Lim acquired the 39 million shares in Gefung from Seo at 50 sen each, or RM19.5 million. Seo still has a 3.09% stake, or 4.78 million shares, in Gefung.

The group is one of the top 10 marble and granite importers in China and one of the top three in Shanghai. Its Shanghai plant, located in Chonggu Town, has the capacity to process 900,000 sq m of marble products a year.

Some of its prominent customers include the Shangri-La Hotels Group and Hong-Kong based developers Sun Hung Kai Group and Wharf Group.

For FY10 ended Dec 31, Gefung’s net loss ballooned to RM56.9 million from RM17.8 million a year ago, despite a higher revenue of RM55.6 million versus RM42.5 million previously.  Losses per share amounted to 36.77 sen compared with 11.55 sen the year before.

Gefung will be in a net cash position upon the completion of a rights issue, which is expected to raise rm29 million to finance new business ventures, including property development.
Based on the proceeds of rm29 million and Gefung’s cash of rm7.44 million as at Dec 31, 2010, the company will have a larger cash pile of rm36.47 million against debts of rm28.39 million, comprising rm27.12 million in short term borrowings. This will translates into net cash of rm8.18 million.

Gefung’ announced proposals to rejuvenate its financials, including one to reduce the par value of its shares from rm1 to 20 sen each. The credit of rm123.84 million derived from the reduction will be more than set off against the company’s accumulated losses of rm73.96 million as at Dec 31, 2010, leaving rm49.88 million to be credited to its capital reserve account.

Subsequent to the capital reduction, it intends to carry out a rights issue of up to 193.5 million new shares at 15 sen a piece (another 5 sen will be capitalized from the reserve account) on the basis of five units for four existing shares in the company.

It is estimated that Gefung’s net assets per share will be reduced to 32.8 sen upon completion of the entire exercise, from 53 sen as at Dec 31, 2010.

Based on the indicative issue price of 15 sen apiece, the cash call would raise rm29.03 million for Gefung. Of the amount, rm15 million will be earmarked for new business ventures, while rm10.19 million will be set aside for working capital. The group is also allocating rm3 million to repay its bank loans.

Its new business plans may include acquisition of strategic investments apart from collaborations, JV or alliances.

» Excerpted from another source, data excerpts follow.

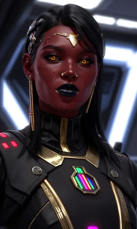 Best prompts to use are ; red alien, red skin, yellow eyes, gold piercings.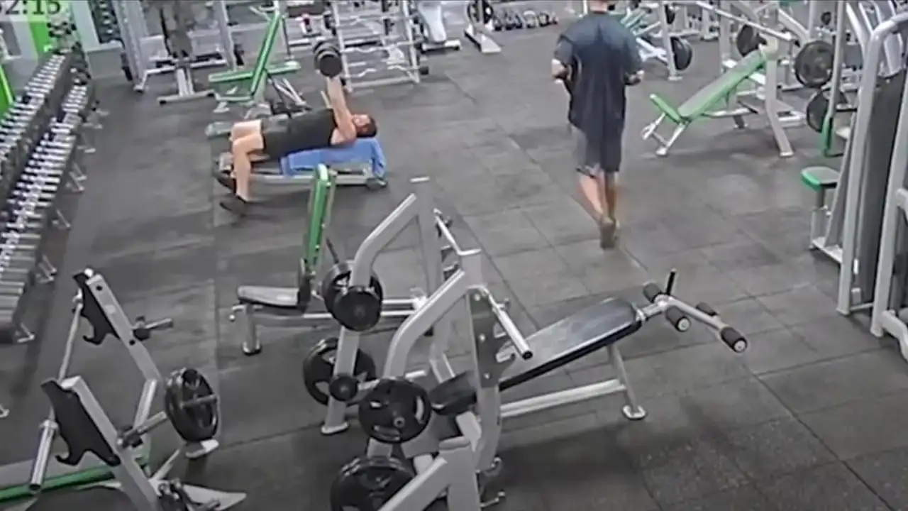 La filmación muestra a Ryan quien recoge un plato de 20 kilogramos y se dirige directamente a su víctima, que estaba recostado sobre una banca mientras levantaba pesas con ambos brazos.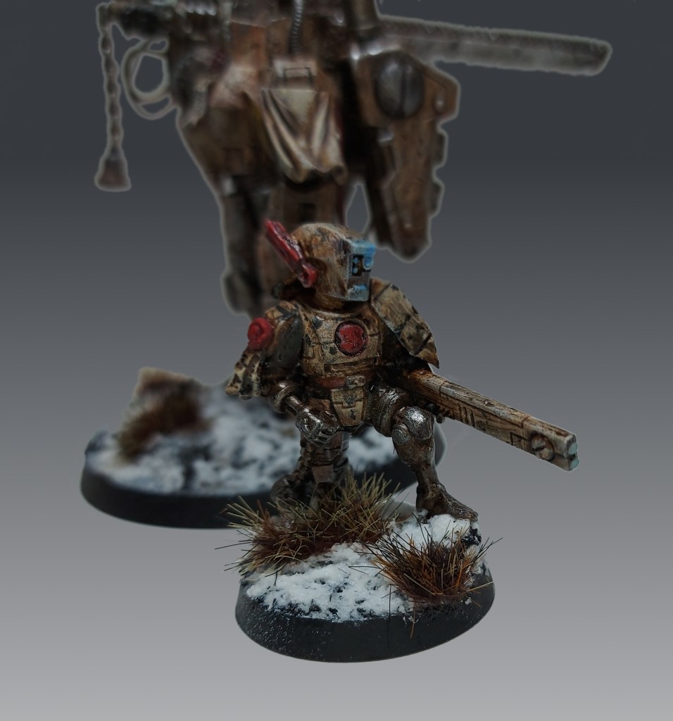 “After settling on tau, I started to picture a crisis team that had been stranded by some device, probably a warp storm, on the frozen world of gelida. They’re far from the brainwashing of the Water Caste, have since renounced the greater good, taken off their tau iconography and embraced the Gelidan way of life, becoming something of devotees to the Imperial Cult on the world.”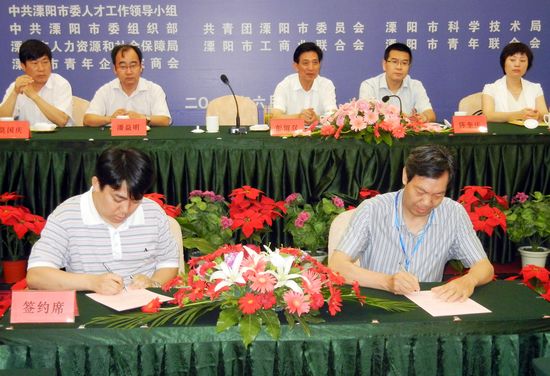 会上,我校团委与溧阳市委人才办签订“共青团助推转型升级全面合作协议”。我校科技处与南渡镇共同签署了《全面合作(意向)协议书》,双方表示将在绿色化工、新能源、新材料、电子信息、先进制造、管理等领域展开全面合作。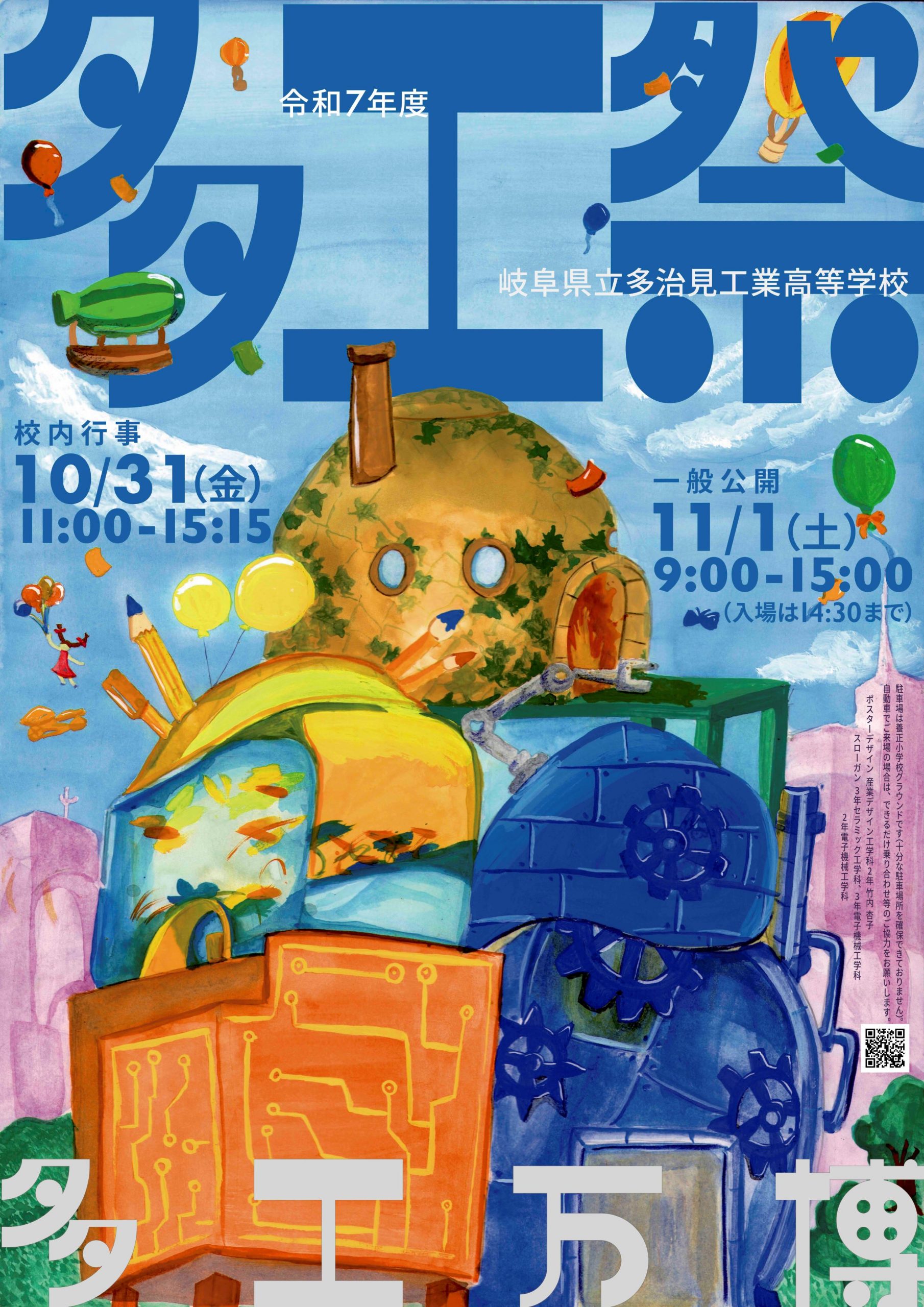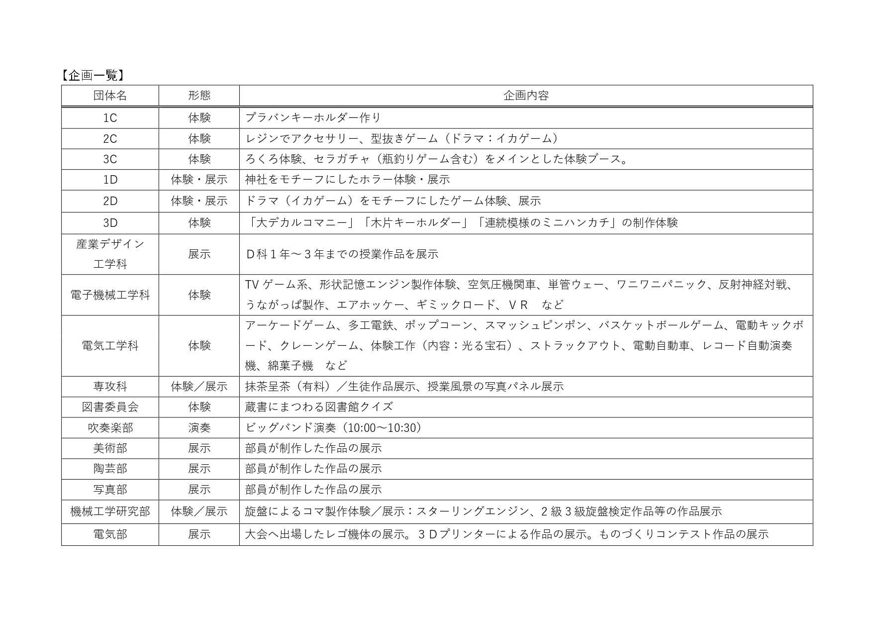 工業高校ならではの「ものづくり」を知ってもらう大切なPRの場であり、日頃の学習成果をもとに、来場者をもてなし、楽しんでもらうことを目的として、毎年秋に開催されています。各学科の特色を生かした様々な企画で盛り上がります。

The proceeds from the proposed rights issue will provide an opportunity for the group to venture into property development, which complements its current marble and granite business, and is expected to provide better growth and enhance its earnings given the current positive outlook for the property market.

Lim, by virtue of being the largest shareholder with a 25.19% stake, will provide an undertaking to fully take the up his direct entitlement of the rights shares, apart from additional units not taken up by other shareholders.

Should he take up the addition units, his stake could increase to 54% and he would seek an exemption from the obligation to make a general offer for the remaining shares in the company.

His entry into Gefung was seen as heralding new era in the loss making marble and granite processor. Armed with a wealth of experience in luxury property development, he is expected to spearhead the creation of real estate related operations as a major income stream for Gefung in the years ahead.

The question is, how soon will Lim revive the fortunes of Gefung, which posted a net loss of rm56.91 million in FY2010 ended Dec 31. The company has no existing landbank to kick start its property development projects. Thus, the acquisition of property companies with attractive landbank and projects could be a viable route.

Such acquisitions may involve an asset injection by either Lim, or a third party who would then emerge as a substantial shareholder of the company.

Lim’s links to Sunrise could be a platform for Gefung to expand its presence in IDR as well.

The market will be watching the makeover of Gefung into property player closely, and how the company rejuvenates its financials under Lim’s leadership.